作戦開始「白花視点」
今回は白花鈴の視点で書いてみようと思います。
始まるところは直也と別れて、七葉と研究資料などを集めているところからです。
では、どうぞ。
私と白崎さんは直也くんがクリアリングしてくれた部屋を一つ一つ漁って、今回の研究資料を探していた。
「うーんなかなかないわねえ……」
白崎さんが部屋の中にある本や紙を見て唸る。
私も何か研究の資料らしきものがないか探すが、あまり成果はいいとは言えない。
「やっぱり研究所である地下にあるのかしら?」
「でも今伊澄くんが今そっちに行ってるんだよね?」
「そうよ、今警備の人たちを始末しながら下に向かっていると思うわ」
白崎さんの言葉に私は少し動きがとまってしまう。
先ほど、直也くんが部屋を制圧した時に始末したらしき警備の人死体を思い出す。
どれもナイフで一突きで死んでいた。
しかもどの死体も同じ場所を突き刺してあった。
どれだけ人を殺す経験をすればあそこまで正確に同じ場所を突き刺せるのだろう。でもそれがこの世界の常識だ、命は日本と比べて軽く扱われている。
そんな世界に今いることに足がすくみそうになるが、今はそんなことで立ち止まってはこれから二人についてはいけない。
私はしっかりと気合を入れて研究資料を探す。
すると一枚の紙を見つけた。他のものとは違い見慣れない魔法陣のようなものが描かれている。
「白崎さん。これ」
「ん?……すごいわ白花さん。お手柄よ」
そう言って白崎さんはその神の魔法陣に手を置く。
すると魔法陣が輝きだしてゲームで見るようなSFじみたウィンドウが現われる。白崎さんはそのウィンドウをスライドして写っている文字を読んでいく。
一応、私も召喚されたことでこの世界言語は自動的にわかるようになっているが専門用語などが使われているのか読めるがよくわからない。

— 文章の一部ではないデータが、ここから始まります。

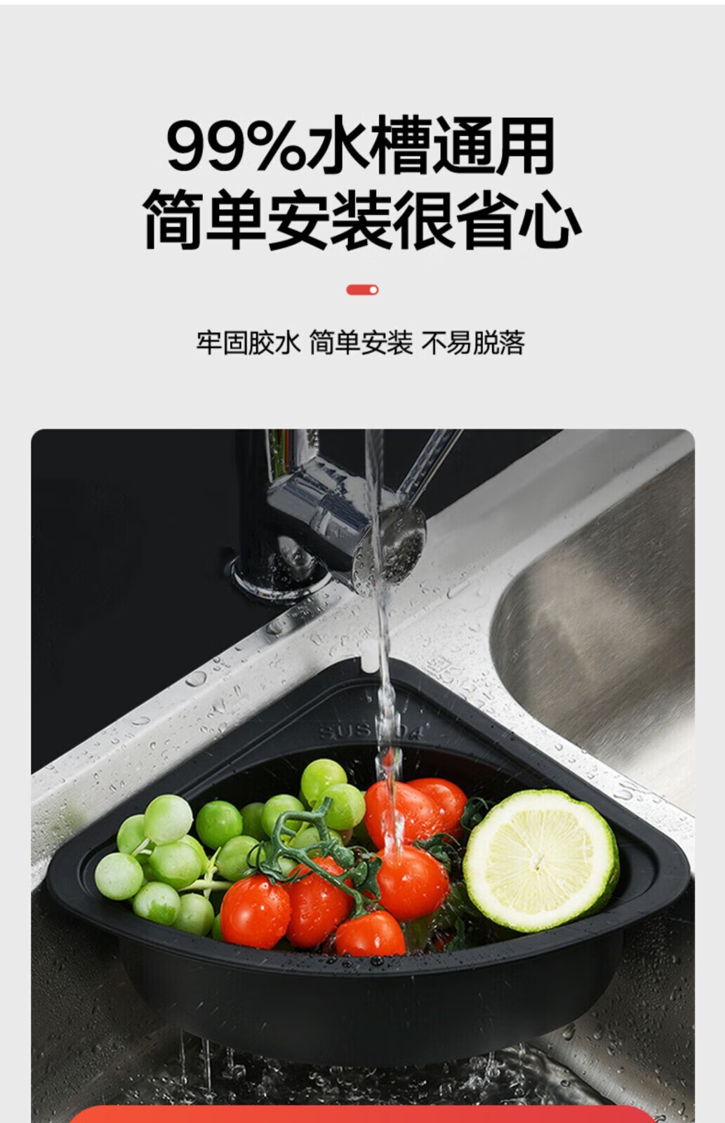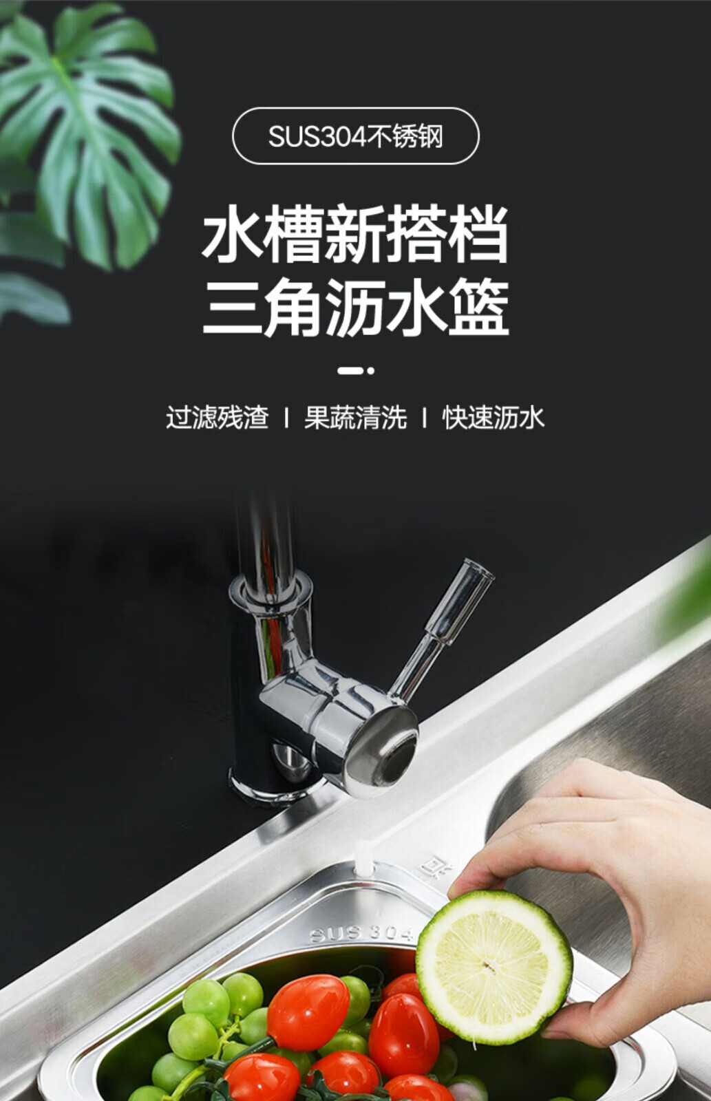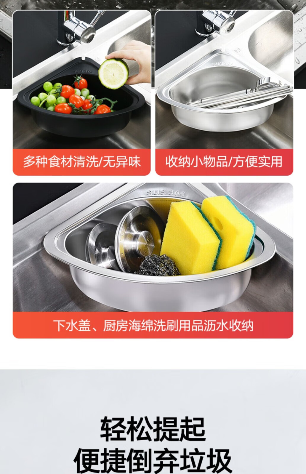 Deer color stainless steel kitchen sink triangle drain rack leftovers filter rag wash basin drain 304 stainless steel triangle drain basket-silver

でも真剣にその資料を読んでいる白崎さんを見るとどうやら今回の研究の資料らしい。
その資料を死んでいく白崎さんの顔がだんだん険しくなっていく。
「マズイわね……」
「え?」
「私と直也が召喚された時は、まだ人間の魔物化はできたけど異常な再生能力しかなかったんだよね。でも、この研究資料を読んでみると今の研究状態なら他の能力をつけれるみたいなのよ……」
私の方を見ながらそう説明してくれる。
だが私の知識がまだあまりないのに気がついてか、さらに追加で説明してくれる。
「この研究で生まれた魔物には、備え付けの再生能力の他に別のオプションとして他に能力をつけるってこと。例えば……」
そして白崎さんが例を言おうとした時、私たちの後ろから声がかかる。
「強酸性の液体を噴射できるようにしたり、身体に触れた場所を腐らせるとかね」
「「!?」」
私たちは驚いて声のする方を向く。
そこには白い白衣と女性服をきた……ガチムチのおじさんがいた。目も血走っていてなんかはぁはぁ言ってる……
「「変態??」」
私と白崎さんの言葉がかぶる。
するとおじさんは顔を真っ赤にしながらおこる。
「誰が変態よ!!私は天才科学者イター・ヘンよ!」
「「やっぱり変態じゃん」」
「ムキー!!!」
私たちの言葉で地団駄を踏むへんた…イターさん。
漫才のような掛け合いをしながらも、私は腰にある短剣に、白崎さんは髪留めに手を掛ける。警戒は怠ってはいけない、なぜなら先ほどまでそこにはいなかったのだから。
私たちの反応にイターさんはいきなり真顔になって話だす。
その姿はすごく不気味だ。
「良いわね……あなたたちみたいな可愛い子たちをあの肉塊に帰るの、すごく楽しそう」
「言ってなさい。逆にその研究資料を燃やしてあげるわ」
髪飾りを魔法の杖に変え、イターさんに構える。
イターさん自身も拳を構え、私たちを見据える。
「じゃあ、いくわよ?」
私も短剣を抜き放ち、覚悟を決めて走り出してくるイターさんを白崎さんと迎え撃つのあった。